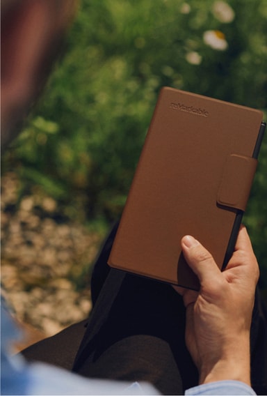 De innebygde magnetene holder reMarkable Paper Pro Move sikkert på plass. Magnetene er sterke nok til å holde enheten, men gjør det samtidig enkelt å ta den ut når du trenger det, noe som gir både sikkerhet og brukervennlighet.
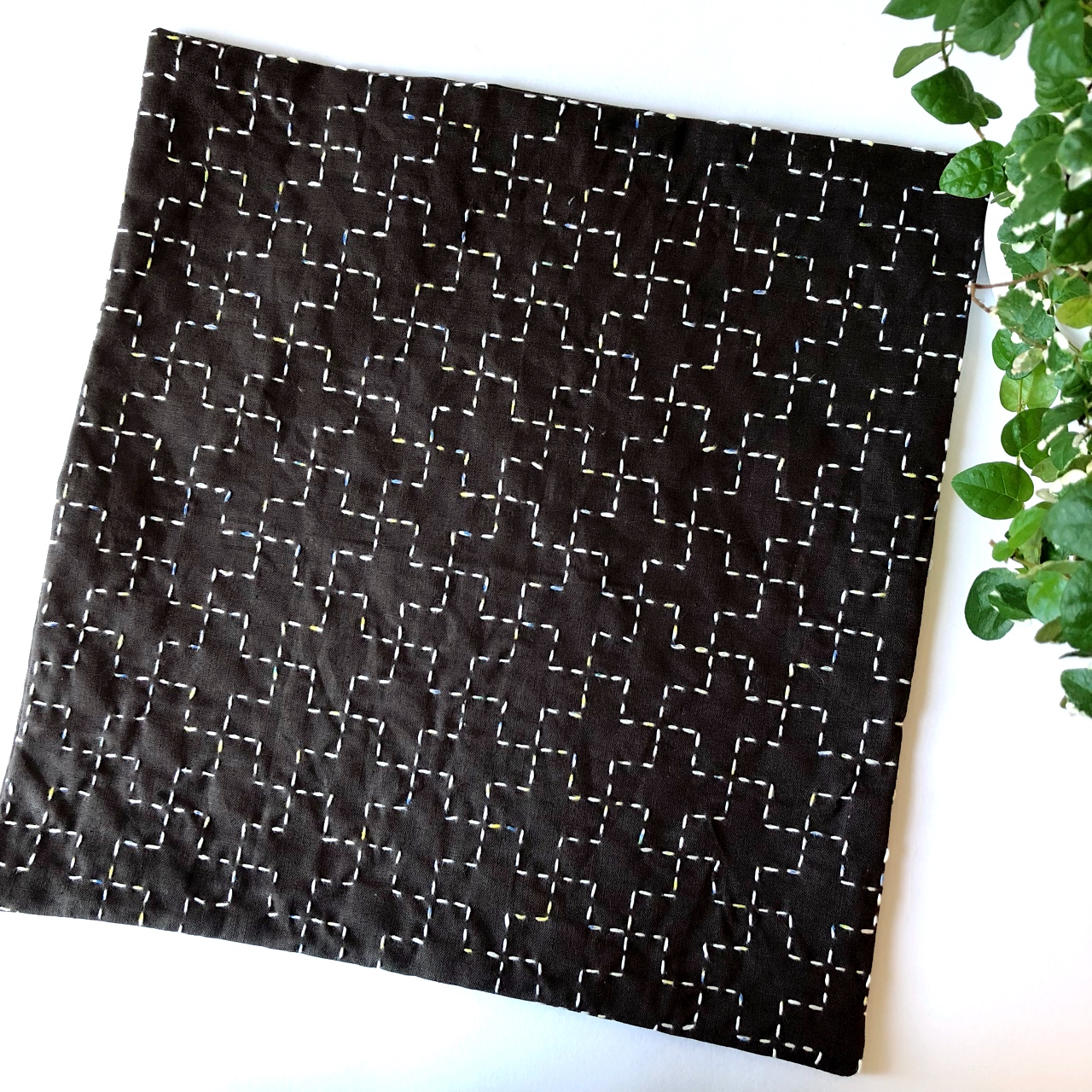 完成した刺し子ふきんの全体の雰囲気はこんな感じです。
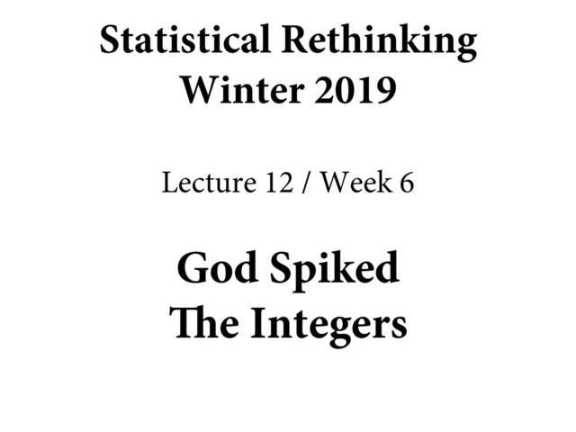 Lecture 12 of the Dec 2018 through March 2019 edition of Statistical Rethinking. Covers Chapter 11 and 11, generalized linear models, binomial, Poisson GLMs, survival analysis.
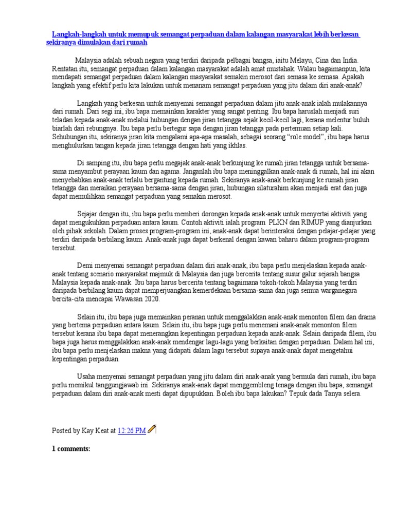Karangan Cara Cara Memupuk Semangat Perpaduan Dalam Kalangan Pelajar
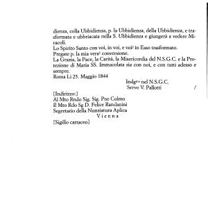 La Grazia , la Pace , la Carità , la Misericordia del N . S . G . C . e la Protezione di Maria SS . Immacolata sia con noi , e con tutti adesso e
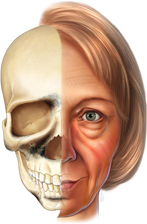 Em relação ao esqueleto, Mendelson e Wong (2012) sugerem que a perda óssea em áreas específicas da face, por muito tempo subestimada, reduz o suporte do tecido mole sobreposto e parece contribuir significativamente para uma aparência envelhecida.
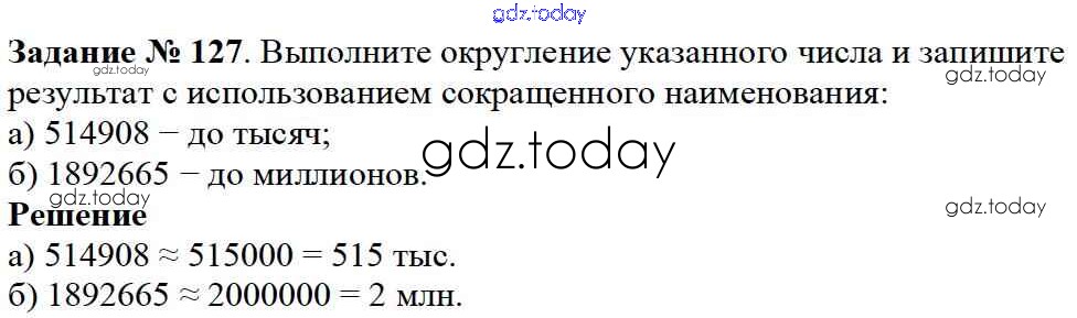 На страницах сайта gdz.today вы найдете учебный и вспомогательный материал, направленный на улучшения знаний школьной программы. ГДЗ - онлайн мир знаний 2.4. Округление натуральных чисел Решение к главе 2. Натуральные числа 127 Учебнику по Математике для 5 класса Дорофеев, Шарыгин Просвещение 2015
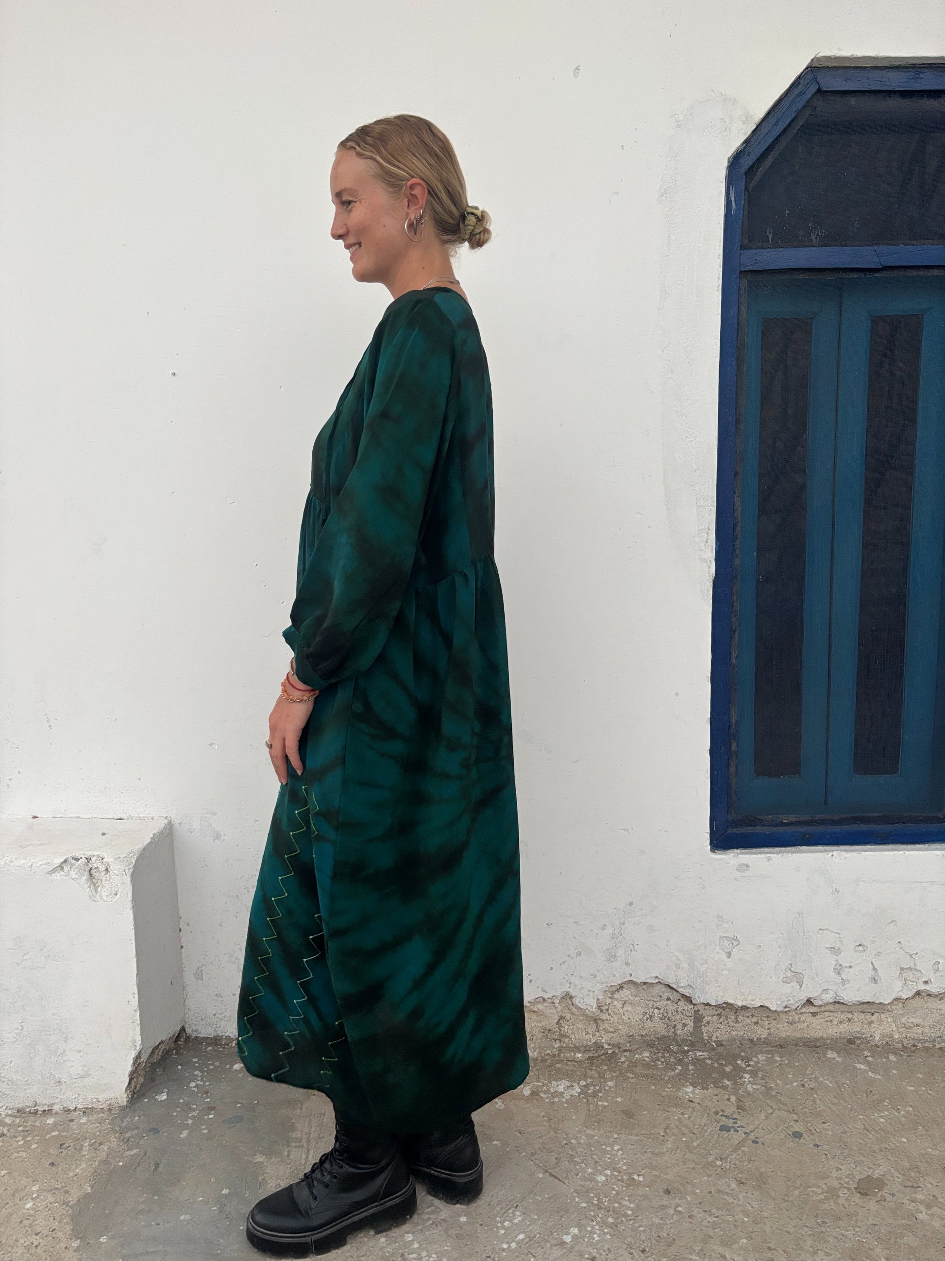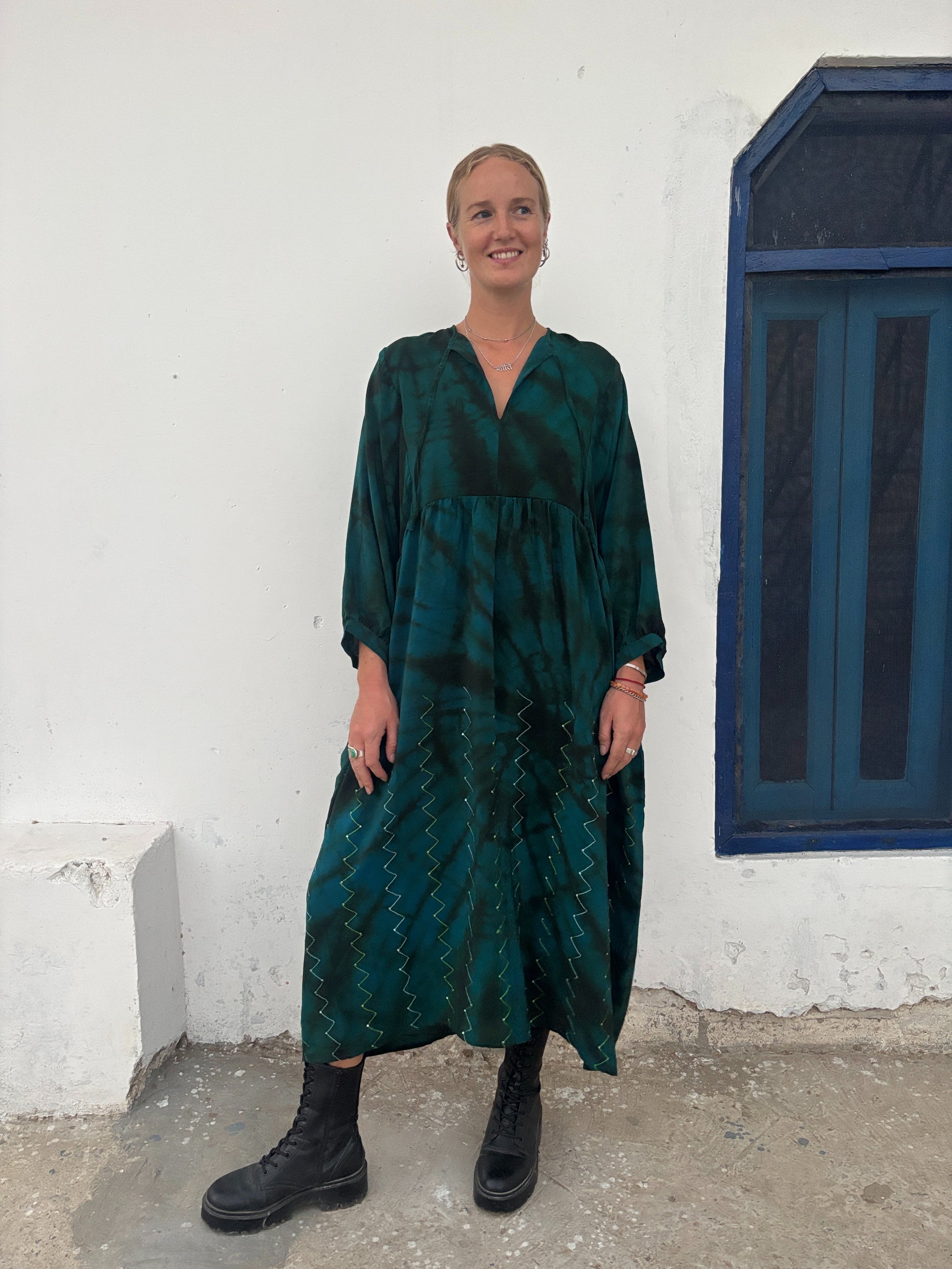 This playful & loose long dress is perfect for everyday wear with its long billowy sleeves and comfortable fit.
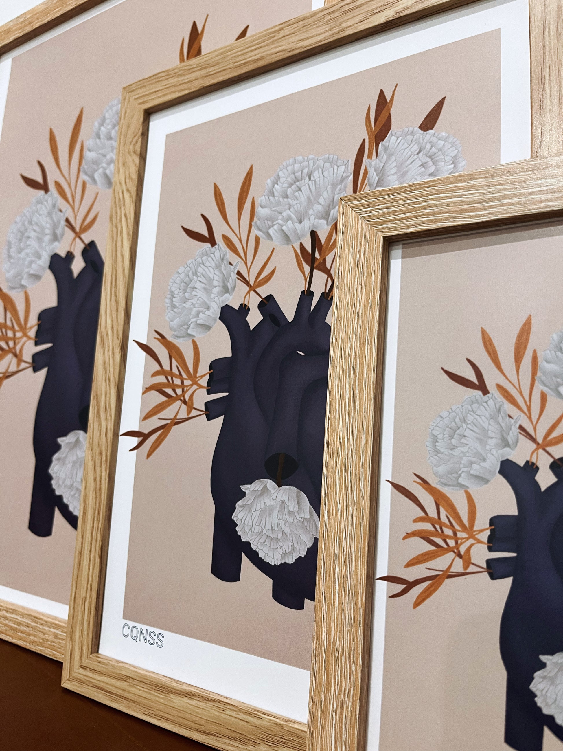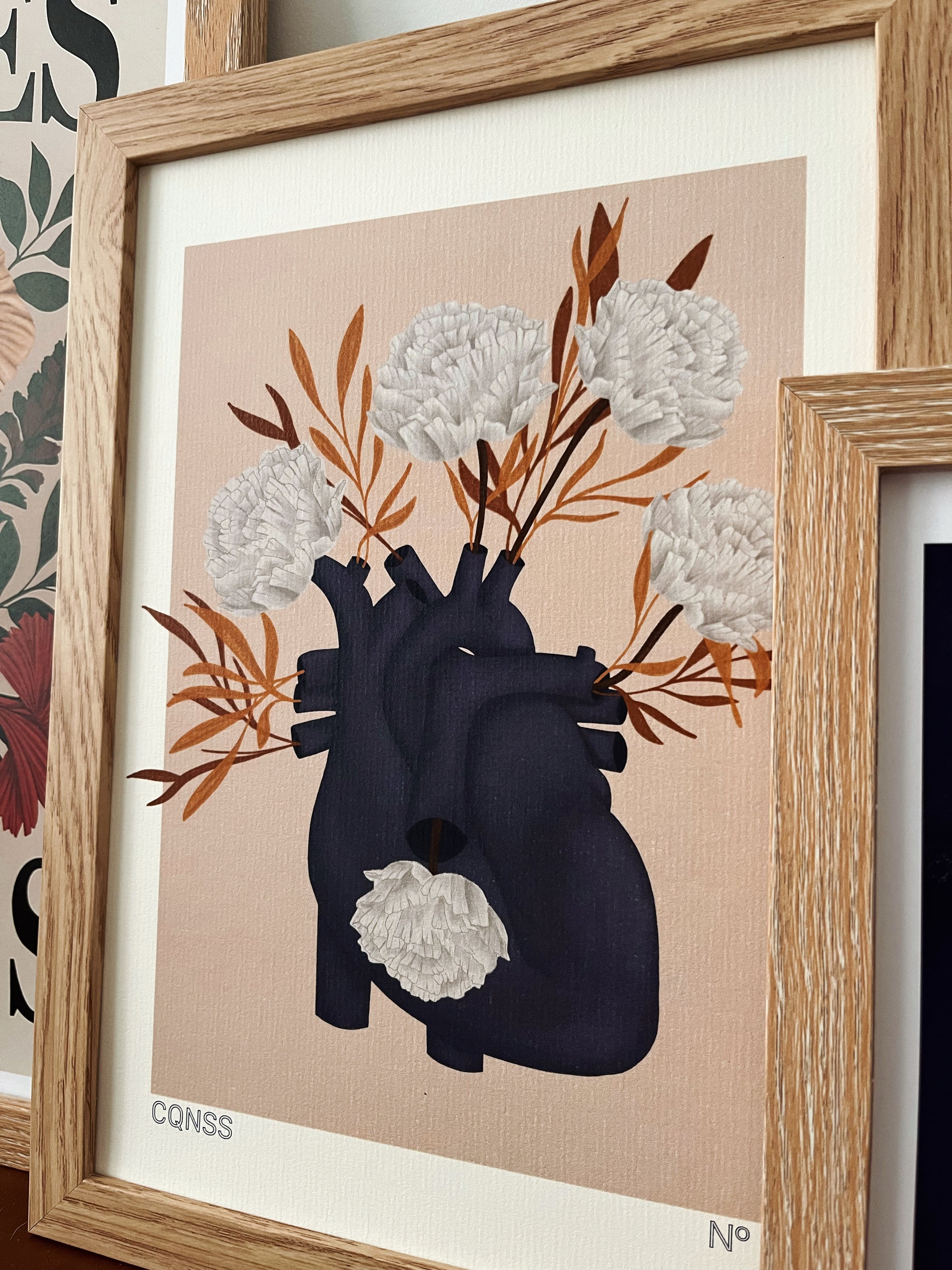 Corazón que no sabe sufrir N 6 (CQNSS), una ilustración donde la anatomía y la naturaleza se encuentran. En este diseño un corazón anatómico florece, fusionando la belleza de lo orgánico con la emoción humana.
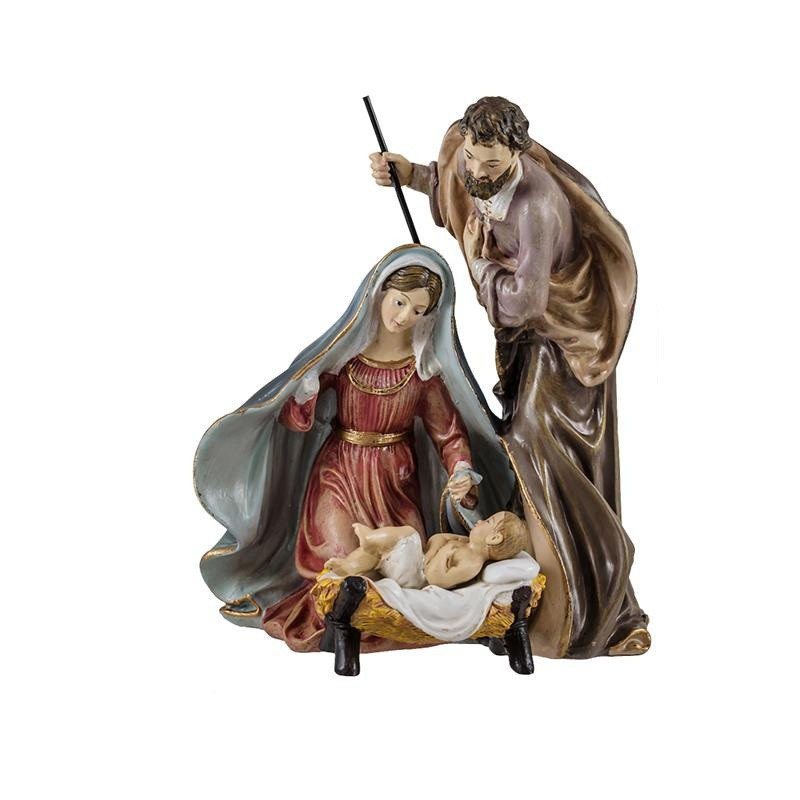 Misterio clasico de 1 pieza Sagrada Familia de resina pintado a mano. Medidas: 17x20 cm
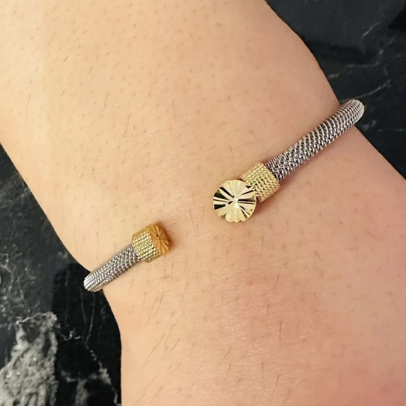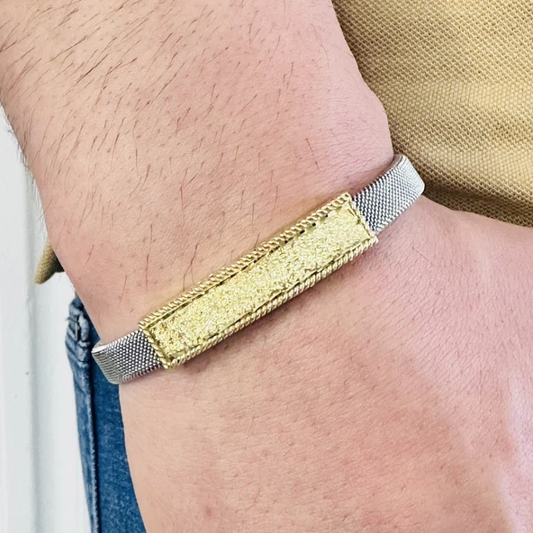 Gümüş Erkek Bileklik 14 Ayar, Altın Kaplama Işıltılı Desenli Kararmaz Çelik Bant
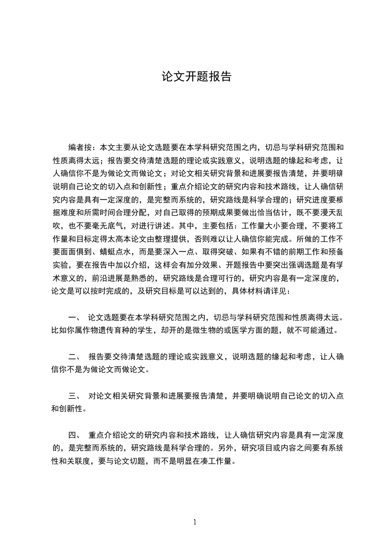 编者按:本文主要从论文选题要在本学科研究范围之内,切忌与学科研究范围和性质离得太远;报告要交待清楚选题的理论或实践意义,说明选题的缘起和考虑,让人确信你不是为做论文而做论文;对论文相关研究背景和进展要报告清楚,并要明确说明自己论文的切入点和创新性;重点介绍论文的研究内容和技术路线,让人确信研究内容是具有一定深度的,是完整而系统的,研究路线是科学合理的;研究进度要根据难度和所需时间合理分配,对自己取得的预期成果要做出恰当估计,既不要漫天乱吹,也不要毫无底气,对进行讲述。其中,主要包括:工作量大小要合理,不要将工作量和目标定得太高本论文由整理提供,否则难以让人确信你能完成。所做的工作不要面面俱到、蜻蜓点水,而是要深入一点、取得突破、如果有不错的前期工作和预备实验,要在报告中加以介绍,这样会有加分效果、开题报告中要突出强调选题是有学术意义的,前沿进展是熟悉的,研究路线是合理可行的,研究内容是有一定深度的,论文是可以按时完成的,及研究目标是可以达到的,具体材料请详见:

**Work order**:
A word-for-word reproduction is needed of the lines above from the line containing "La Grazia , la" through the line containing "Em relação ao", with both ends kept and no pictures.

**Solution to this task**:
 La Grazia , la Pace , la Carità , la Misericordia del N . S . G . C . e la Protezione di Maria SS . Immacolata sia con noi , e con tutti adesso e
 Em relação ao esqueleto, Mendelson e Wong (2012) sugerem que a perda óssea em áreas específicas da face, por muito tempo subestimada, reduz o suporte do tecido mole sobreposto e parece contribuir significativamente para uma aparência envelhecida.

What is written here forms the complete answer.